Does my impaired autonomic nervous system function during sleep represent a normal age-related change, or can I improve it? As an athlete, I want to maximize the stable non-REM fraction of my sleep. That’s when “all the good stuff happens,” particularly the release of testosterone and growth hormone.

Unlike my clear victory over obstructive sleep apnea, I’m still working to overcome my impaired autonomic nervous system. I’ve expanded my meditation practice, targeting 20 minutes in the morning and 12 minutes before bedtime. (If you’d like to join me, review my step-by-step meditation guide.)

I’m also trying a very low dose of the antidepressant Lexapro, which I’ve used successfully to treat mild depression in the past. I’m not currently depressed, but there is a high probability that depression may be associated with a distinctive form of autonomic nervous system dysfunction during sleep.

My sleep data may represent a low-grade depression that medication can improve.

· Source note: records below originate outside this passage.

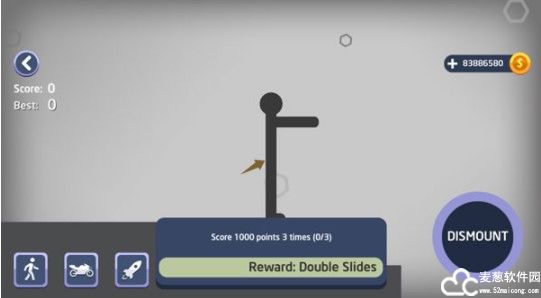 3、通过长按左下角DISMOUNT控制火柴人行动;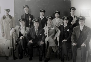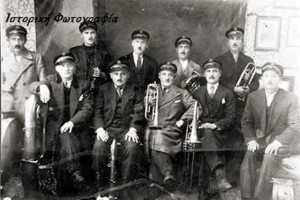 Κάτω από αριστερά : Κωνσταντίνος Λαζαρίκος : μπάσο, Λάζαρος Ζιώγκας : τζένις, Στέφανος Γιωτάκης : τρομπέτα, Μάνιας : τρομπόνι, Γιάννης Γιωτάκης : ταμπούρο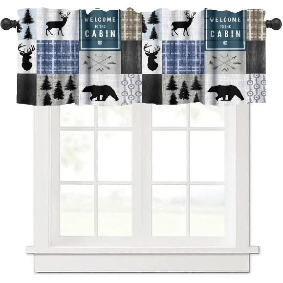 Rustic Cabin Kitchen Valances Curtain,Vintage Country Farmhouse Bear Moose Deer Rod Pocket Small Valance Treatments for Living Room Bedroom
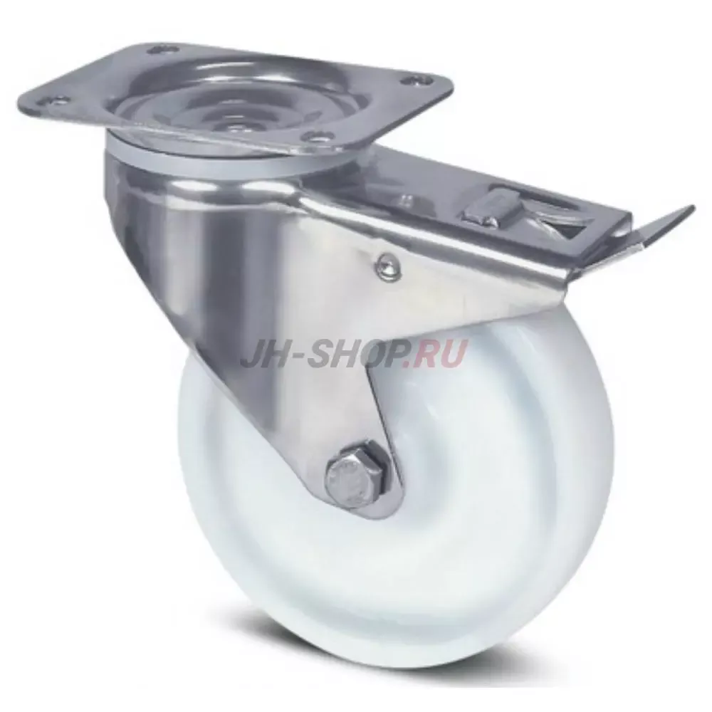 Поворотный ролик с общим тормозом "позадиидущий", кронштейн изготовлен из Нержавеющей Стали, поворотная головка на двойном шарикоподшипнике, ось колеса на болту, крепежная панель. Центр колеса из Полиамида, подшипник скольжения.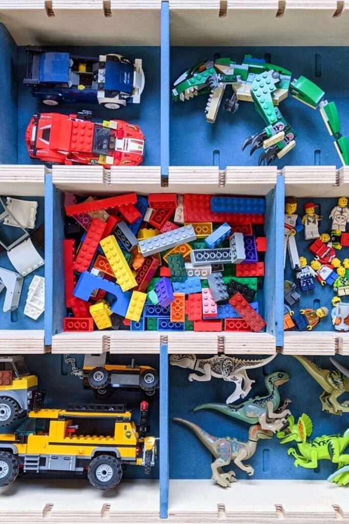 Make sorting your Legos smooth with a divided drawer organizer. Each small section holds a specific color or kind of brick, making it fast to find the piece you need. This system is ideal for serious builders. It makes sure small parts stay organized and ready to use.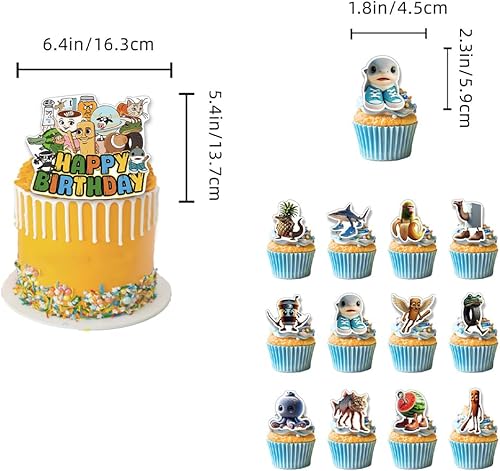 Brainrot Animaux Décoration de fête d'anniversaire – Tung Tung Sahur Décorations à thème, bannière, ballon, cupcake, fournitures de fête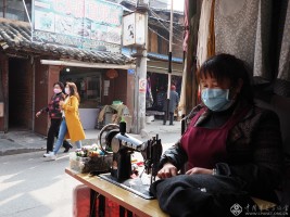 3月14日,曲靖市西门街,一位居民正在缝补衣物。赵万波 摄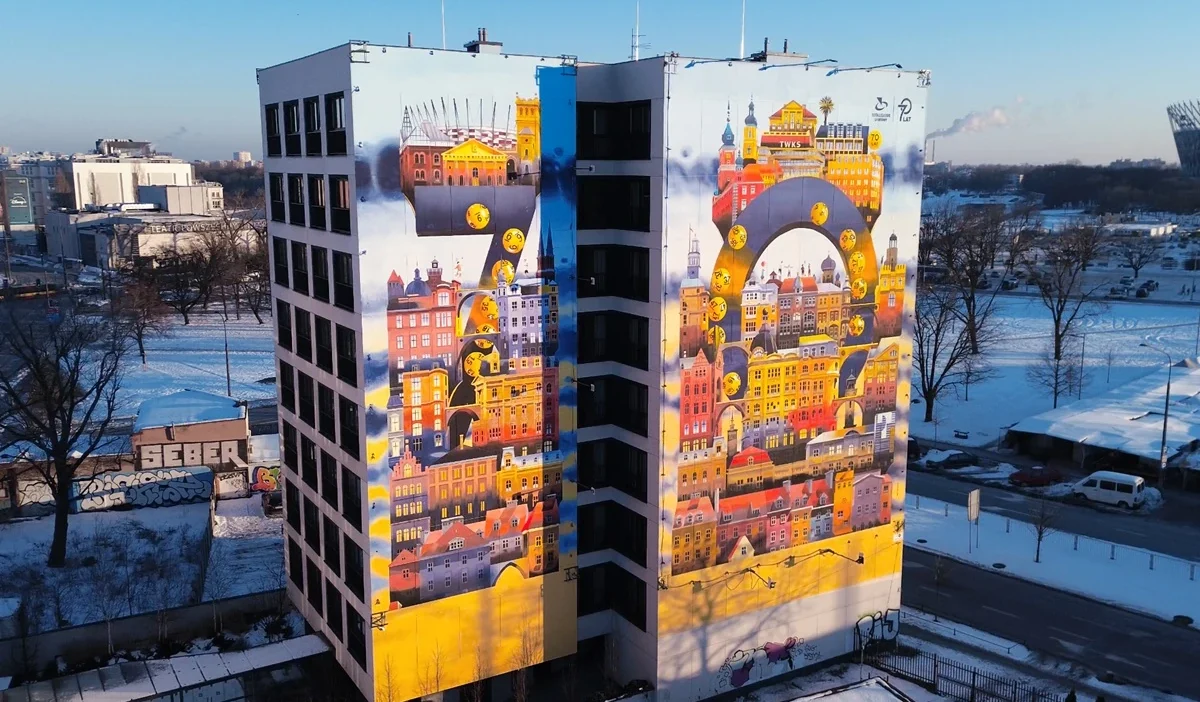 During the ceremony, a model of a mural designed by Tytus Brzozowski was presented. The complete artwork can be seen on two walls of a building at Zamoyskiego 37 in Warsaw’s Praga Północ district. The mural covers 604 square meters and represents one of the artist’s largest public space works.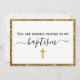 Convite Elegante Glitter ADULT BAPTISM. Convite Elegante ADULT BAPTISM, com simples cruz dourada, borda falsa com brilho dourado e tipografia de escrita decorativa. Há um texto PERSONALIZÁVEL no verso onde você pode adicionar seus detalhes de serviço e evento, além de um verso de Bíblia Cristã OPCIONAL baseado em 2 Corinthians 5:17, a saber, "Se alguém estiver em Cristo, ele é uma nova criação". Escolha entre uma ampla seleção de cartões de batismo adulto, convites e suprimentos para festas, projetados por Designs bereanos.

The jury is still out on these interventions — I’ll keep you posted.

Quote: The Transformation of Sleep Medicine

My Take on the SleepImage Ring

The SleepImage Ring represents a transformation in sleep medicine. More patients can be conveniently screened for sleep disorders, and more people can be effectively treated, especially those with obstructive sleep apnea.

Previously, only those with obvious obstructive sleep apnea symptoms underwent testing. Many people have the illness and don’t know it — I was one of them. They can now be diagnosed through greater use of sleep testing.

Also, less than half of people who are prescribed a CPAP machine to treat their obstructive sleep apnea can tolerate using it. Now we can use a trial-and-error method to build effective treatment regimens for those with mild and moderate obstructive sleep apnea, sparing them a CPAP machine.

The sleep medicine revolution has begun!